*** Opening of Data listing ***
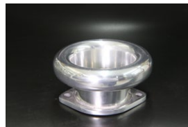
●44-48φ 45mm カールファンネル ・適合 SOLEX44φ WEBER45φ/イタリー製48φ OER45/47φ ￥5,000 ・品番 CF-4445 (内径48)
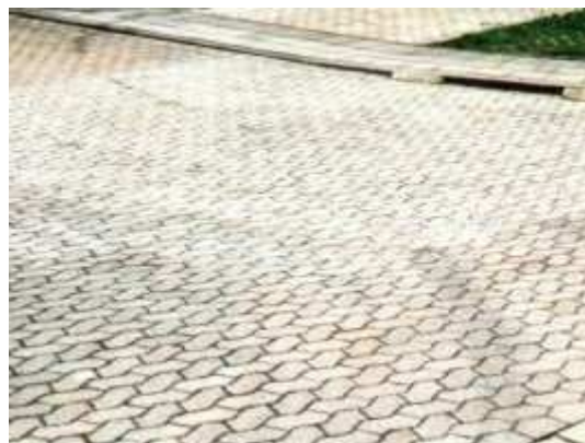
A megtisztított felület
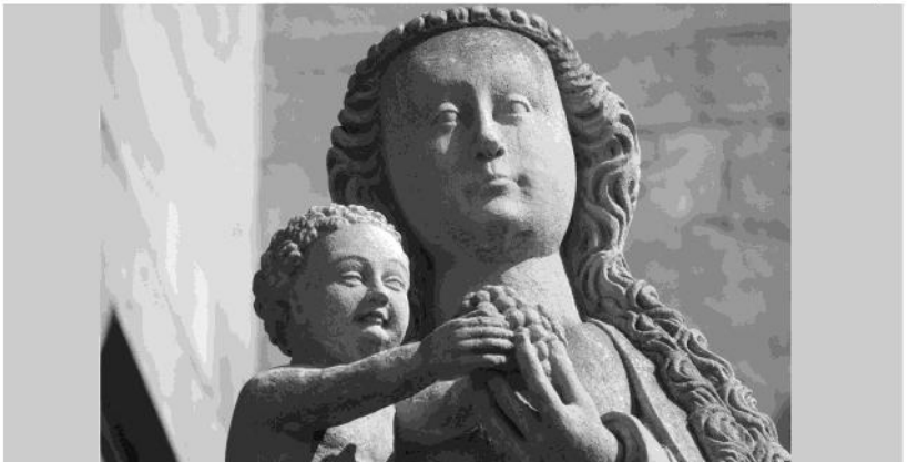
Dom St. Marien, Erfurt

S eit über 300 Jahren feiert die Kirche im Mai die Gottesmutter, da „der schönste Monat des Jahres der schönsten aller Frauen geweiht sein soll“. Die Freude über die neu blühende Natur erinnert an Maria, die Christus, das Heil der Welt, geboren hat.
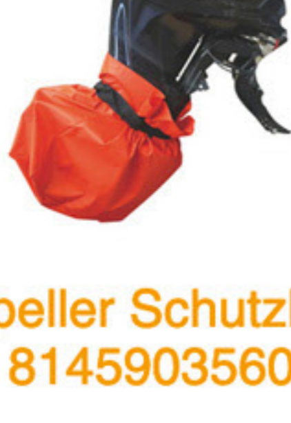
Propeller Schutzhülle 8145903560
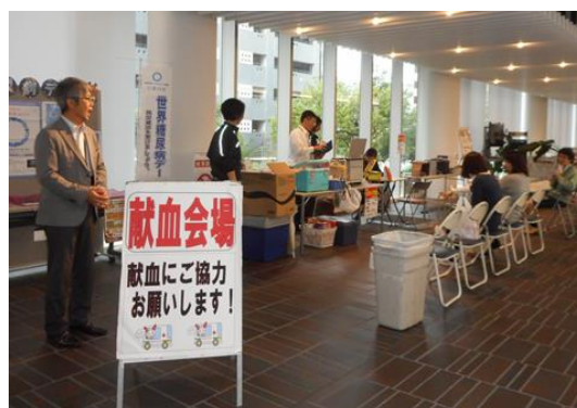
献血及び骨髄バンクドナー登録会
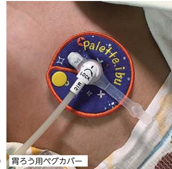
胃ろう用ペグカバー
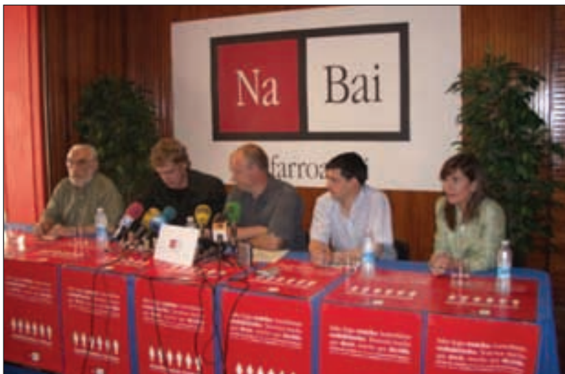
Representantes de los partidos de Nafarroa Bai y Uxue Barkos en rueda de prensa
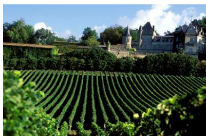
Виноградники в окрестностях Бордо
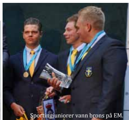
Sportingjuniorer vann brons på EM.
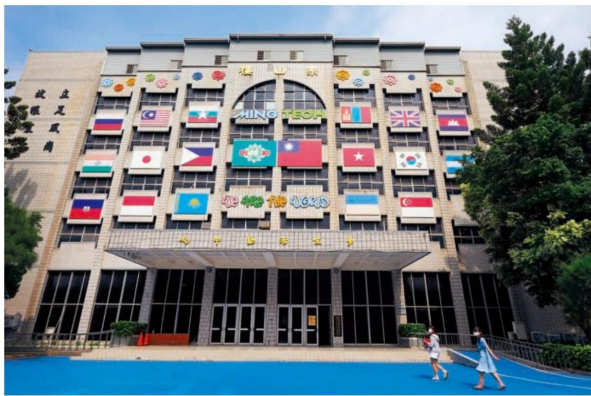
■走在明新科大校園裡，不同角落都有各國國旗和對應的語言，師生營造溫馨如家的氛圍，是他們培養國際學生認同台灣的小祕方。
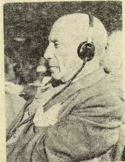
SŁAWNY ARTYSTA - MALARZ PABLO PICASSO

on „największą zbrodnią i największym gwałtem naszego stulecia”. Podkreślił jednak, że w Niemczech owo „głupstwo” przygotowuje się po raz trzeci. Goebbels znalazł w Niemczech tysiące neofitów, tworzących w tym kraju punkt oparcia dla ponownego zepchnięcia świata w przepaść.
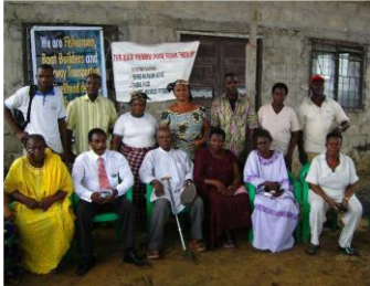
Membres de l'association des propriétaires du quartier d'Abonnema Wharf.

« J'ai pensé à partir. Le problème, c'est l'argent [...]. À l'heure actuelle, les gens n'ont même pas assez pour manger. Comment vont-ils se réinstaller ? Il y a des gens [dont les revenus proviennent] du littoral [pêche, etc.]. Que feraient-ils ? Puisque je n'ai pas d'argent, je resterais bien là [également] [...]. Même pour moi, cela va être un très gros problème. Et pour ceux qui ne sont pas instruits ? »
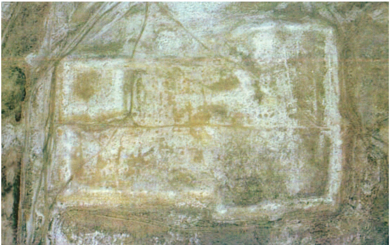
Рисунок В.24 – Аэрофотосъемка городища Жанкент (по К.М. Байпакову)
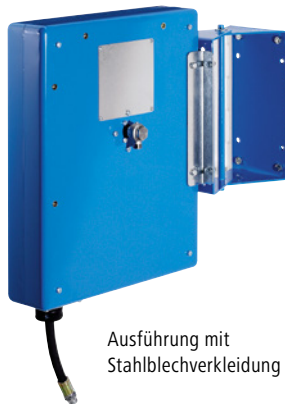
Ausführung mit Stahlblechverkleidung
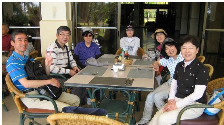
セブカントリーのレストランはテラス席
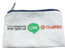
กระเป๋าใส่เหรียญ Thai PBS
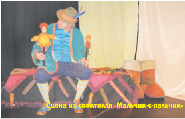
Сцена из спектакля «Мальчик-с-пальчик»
*** Close of Data listing ***
| About this task |
Please return exactly, and only, the lines from the one containing "SŁAWNY ARTYSTA - MALARZ PABLO PICASSO" through the end of the records, with both end lines kept and every picture dropped.

| Task solution |
SŁAWNY ARTYSTA - MALARZ PABLO PICASSO

on „największą zbrodnią i największym gwałtem naszego stulecia”. Podkreślił jednak, że w Niemczech owo „głupstwo” przygotowuje się po raz trzeci. Goebbels znalazł w Niemczech tysiące neofitów, tworzących w tym kraju punkt oparcia dla ponownego zepchnięcia świata w przepaść.
Membres de l'association des propriétaires du quartier d'Abonnema Wharf.

« J'ai pensé à partir. Le problème, c'est l'argent [...]. À l'heure actuelle, les gens n'ont même pas assez pour manger. Comment vont-ils se réinstaller ? Il y a des gens [dont les revenus proviennent] du littoral [pêche, etc.]. Que feraient-ils ? Puisque je n'ai pas d'argent, je resterais bien là [également] [...]. Même pour moi, cela va être un très gros problème. Et pour ceux qui ne sont pas instruits ? »
Рисунок В.24 – Аэрофотосъемка городища Жанкент (по К.М. Байпакову)
Ausführung mit Stahlblechverkleidung
セブカントリーのレストランはテラス席
กระเป๋าใส่เหรียญ Thai PBS
Сцена из спектакля «Мальчик-с-пальчик»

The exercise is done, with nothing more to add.